**TASK OBJECTIVE:** Return an exact copy of the data, starting at its first line and ending at the line that contains "Отварите цветную капусту", minus any pictures.

----------

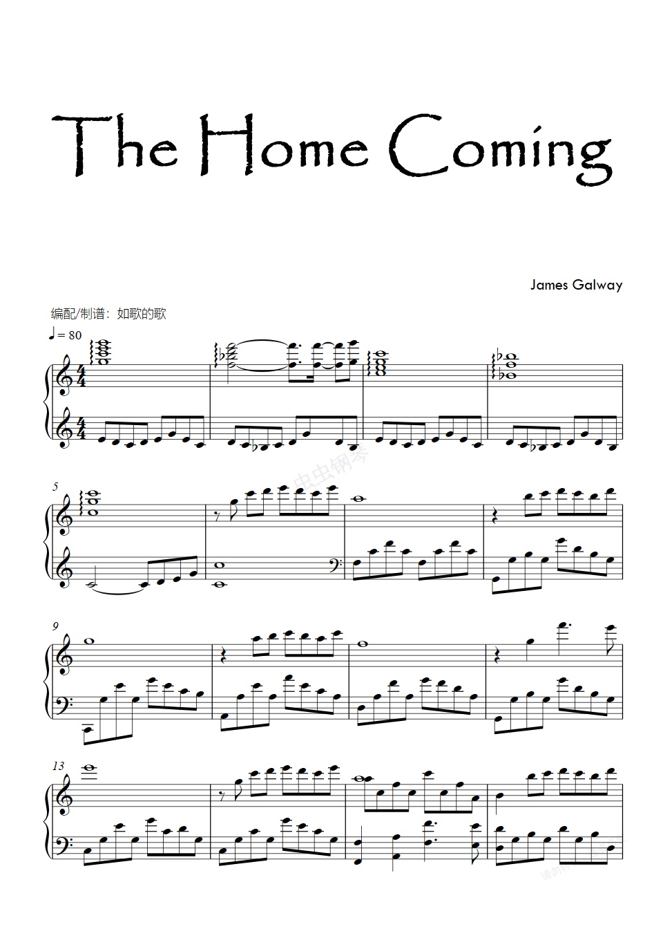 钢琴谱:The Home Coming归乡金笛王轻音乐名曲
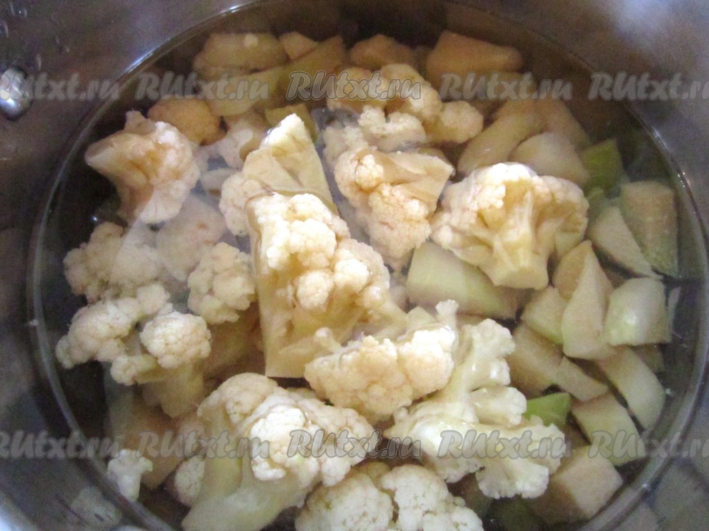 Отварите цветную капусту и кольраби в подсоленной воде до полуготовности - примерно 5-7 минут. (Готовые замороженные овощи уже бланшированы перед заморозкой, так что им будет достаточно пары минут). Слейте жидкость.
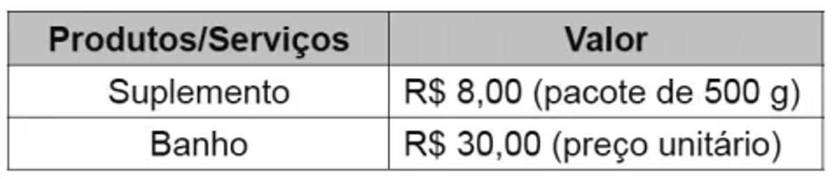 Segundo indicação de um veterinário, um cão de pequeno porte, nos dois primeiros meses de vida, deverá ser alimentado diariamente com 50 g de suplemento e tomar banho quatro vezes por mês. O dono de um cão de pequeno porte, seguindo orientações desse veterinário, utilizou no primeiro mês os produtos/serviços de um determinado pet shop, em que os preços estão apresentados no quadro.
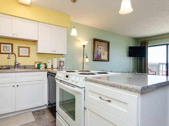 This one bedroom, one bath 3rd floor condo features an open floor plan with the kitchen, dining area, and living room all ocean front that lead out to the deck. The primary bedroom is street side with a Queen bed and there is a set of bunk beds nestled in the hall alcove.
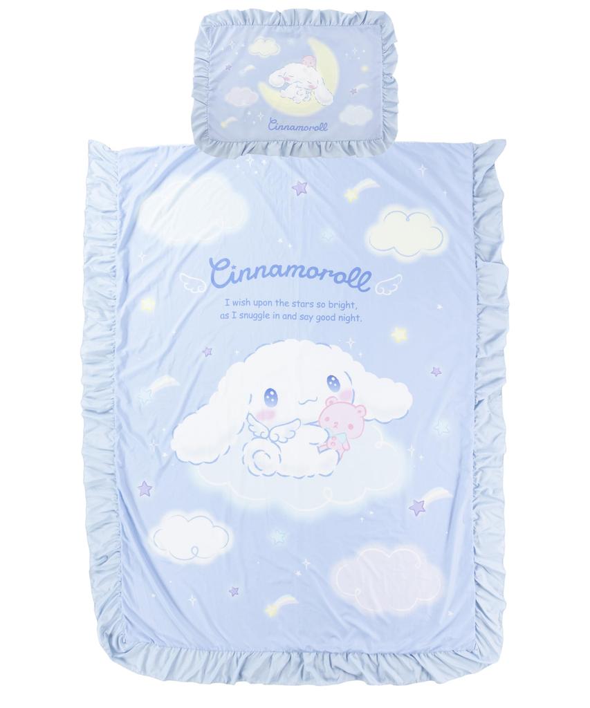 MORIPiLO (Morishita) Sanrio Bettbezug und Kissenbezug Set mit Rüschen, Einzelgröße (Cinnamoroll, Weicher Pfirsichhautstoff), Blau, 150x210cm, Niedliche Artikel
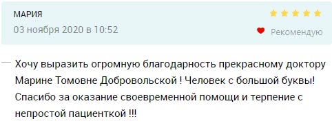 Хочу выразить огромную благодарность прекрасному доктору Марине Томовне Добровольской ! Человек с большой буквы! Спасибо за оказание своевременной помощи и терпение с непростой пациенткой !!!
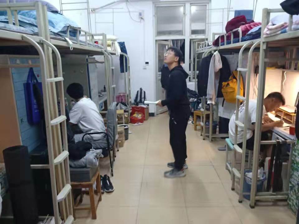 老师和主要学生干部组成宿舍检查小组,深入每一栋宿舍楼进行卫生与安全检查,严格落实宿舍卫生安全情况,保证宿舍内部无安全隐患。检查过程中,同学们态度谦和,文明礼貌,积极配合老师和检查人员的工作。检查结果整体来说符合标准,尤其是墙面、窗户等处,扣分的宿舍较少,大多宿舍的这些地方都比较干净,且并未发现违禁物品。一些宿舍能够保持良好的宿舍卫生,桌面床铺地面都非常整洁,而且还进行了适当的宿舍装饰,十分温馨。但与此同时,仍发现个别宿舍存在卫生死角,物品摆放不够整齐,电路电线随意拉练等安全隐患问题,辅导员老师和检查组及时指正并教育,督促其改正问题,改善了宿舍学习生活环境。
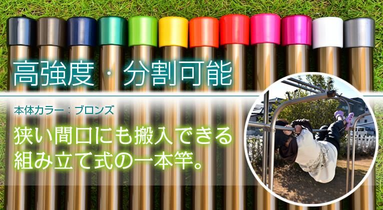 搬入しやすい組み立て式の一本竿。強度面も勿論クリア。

----------

**ANSWER BOX:**
 钢琴谱:The Home Coming归乡金笛王轻音乐名曲
 Отварите цветную капусту и кольраби в подсоленной воде до полуготовности - примерно 5-7 минут. (Готовые замороженные овощи уже бланшированы перед заморозкой, так что им будет достаточно пары минут). Слейте жидкость.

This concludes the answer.